Agora o meu problema é com o Justin Bieber. Me aguarde Bieber.


            Justin Bieber P.V.O's


Meu carro estava na frente daquela cafeteira, esperando a Brooke sair do local. Mas parece que ela estava chantageando uma garota. Por sinal muito gostosa. Por um momento pude ver a Brooke mas de perto. 

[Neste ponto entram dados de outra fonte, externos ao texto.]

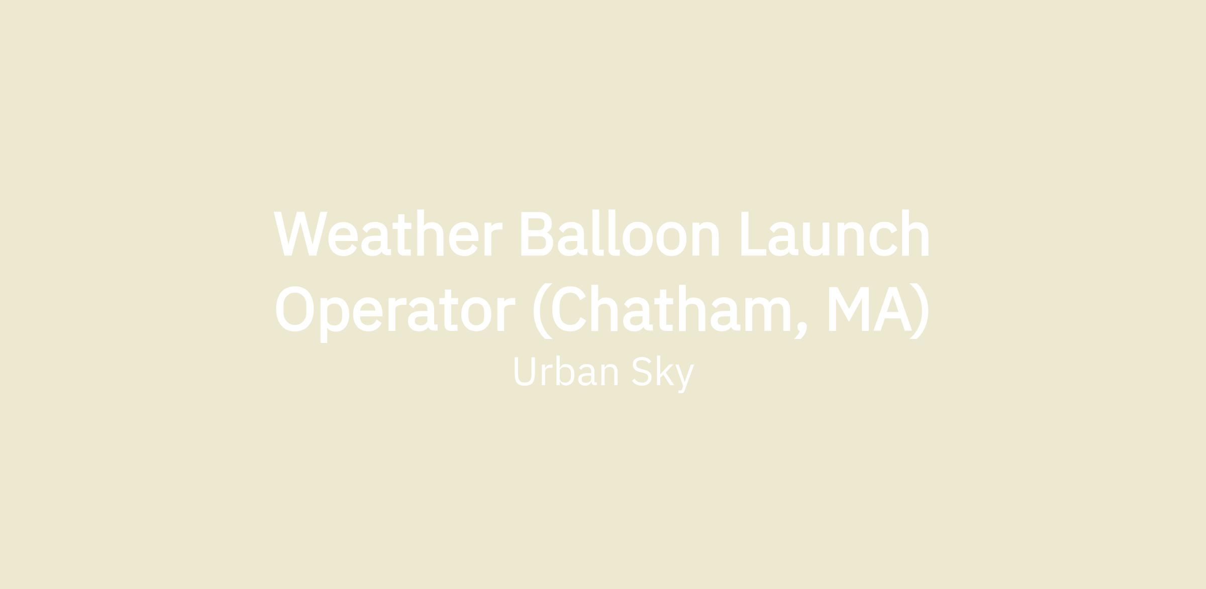 Urban Sky is seeking a Weather Balloon Launch Operator to support our Flight Operations team as part of a pilot program launching high‑altitude weather balloons at site locations in Chatham, MA. The pilot requires two launches per day (morning and evening) over a 199‑day period. You will be responsible for the safe, accurate and timely execution of each launch, including equipment preparation, balloon inflation, adherence to procedures, data collection and communication with the broader operations team. This is a temporary contract role that will require early morning and evening shifts, outdoor work in varied weather conditions, and daily travel to the launch site. You will play a critical role in ensuring the success of our data‑collection campaign—and the data you help collect will directly support atmospheric research and improved climate and weather forecasting. Depending on program outcome there may be potential for longer‑term opportunities within Urban Sky.

Puta que pariu! Aquilo não era uma mulher. Não é possível. Que mulher gostosa do caralho. Sem dúvidas a mulher mais bonita e gostosa que eu já vi em toda minha vida. E olha que eu não estava exagerando. Ela possuia um corpo estragante e com as curvas bem alinhadas. Uma bunda enorme, só de olhar me deixava louco, os olhos dela eram um azul chamativo. Seus lábios carnudos com um batom vermelho. Seu rosto perfeitamente alinhados. Perfeita.

— Olha a babá caindo Drew! — escutei a voz de Ryan que estava no banco do motorista. 

— toma no cú. — falei e ele riu — como não babar com uma obra de arte dessas.

— cuidado para não se apaixonar, hein. Eu vi primeiro. — se gabou e eu caí na gargalhada.

— Depois sou eu que estou apaixonado. — Ele agora fez uma cara de tácho me fazendo rir internamente.

— Temos que tomar cuidado com essa mulher Drew. Ela é diferente de muitas outras. Até eu cheguei a ter medo dela. E olha que eu não tenho medo nem de você. — senti a raiva domar meu corpo. 

— como assim? Virou veado agora? Com medo de mulher Ryan?  Essa é boa. — meu sorriso cessou, vendo que ele falava sério.

— eu estou falando sério, Drew. Todo esse tempo que eu passei na Rússia. Deu pra ver que a garota pode ser até melhor que todos nós juntos. — eu não tô acreditando que eu estava olvindo aquilo.

— VAI DIZER QUE VOCÊ ESTÁ COM MEDO DE UMA CRIMINOSA APRENDIZ? —  falei alto.

— só estou te falando. Ela foi a única que conseguiu me pôr medo. Cara, ela nos treinos acabou com cinco caras de uma vez. E olha que eles estavam armados e ela estava limpa. Ela assaltou bancos sozinha, e invadiu sistemas sem ajuda. Essa mulher é uma lenda. 

— Você é um cagão, isso sim. — soltei uma risada debochada.

— depois diga que eu não avisei. — deu de ombros.

Eu não acredito que eu escutei aquilo vindo da boca de Ryan. O cara só pode estar louco. Ela não pode ser tudo isso que ele falou. Ou pode? Tanto faz. Se ela for boa mesmo. Já é um grande avanço.

— ela tá entrando no carro com outra mulher. VAI LOGO RYAN! SEGUE A PORRA DO CARRO! — ele babava tanto na Brooke. Que até nem viu ela saindo com o carro.

— calma Drew. Ela vai perceber que está sendo seguida. 

— se ela conseguir fugir Ryan, dessa vez eu te mato. Seu incompetente. 

— Calma cara. Ela não vai fugir. — olhei no retrovisor do carro dela. E vi ela destraída conversando com a outra mulher do lado dela. Ela ainda não tinha se ligado que estava sendo seguida.

Ryan seguiu para uma avenida escura, que só tinha mato e mais mato. Ela morava ali? Não podia negar que até eu comecei a achar essa mulher estranha.

O carro dela parou em frente a uma árvore, e a mesma desceu do carro. Porra. Até eu correndo perigo de ser visto por ela, meus olhos não desgrudava naquele corpo dos deuses. Vi a outra mulher decer do carro. E as duas caminharam naquele escuro sozinha até a entrada de uma casa deserta no meio do mato. Provavelmente era a casa da Brooke.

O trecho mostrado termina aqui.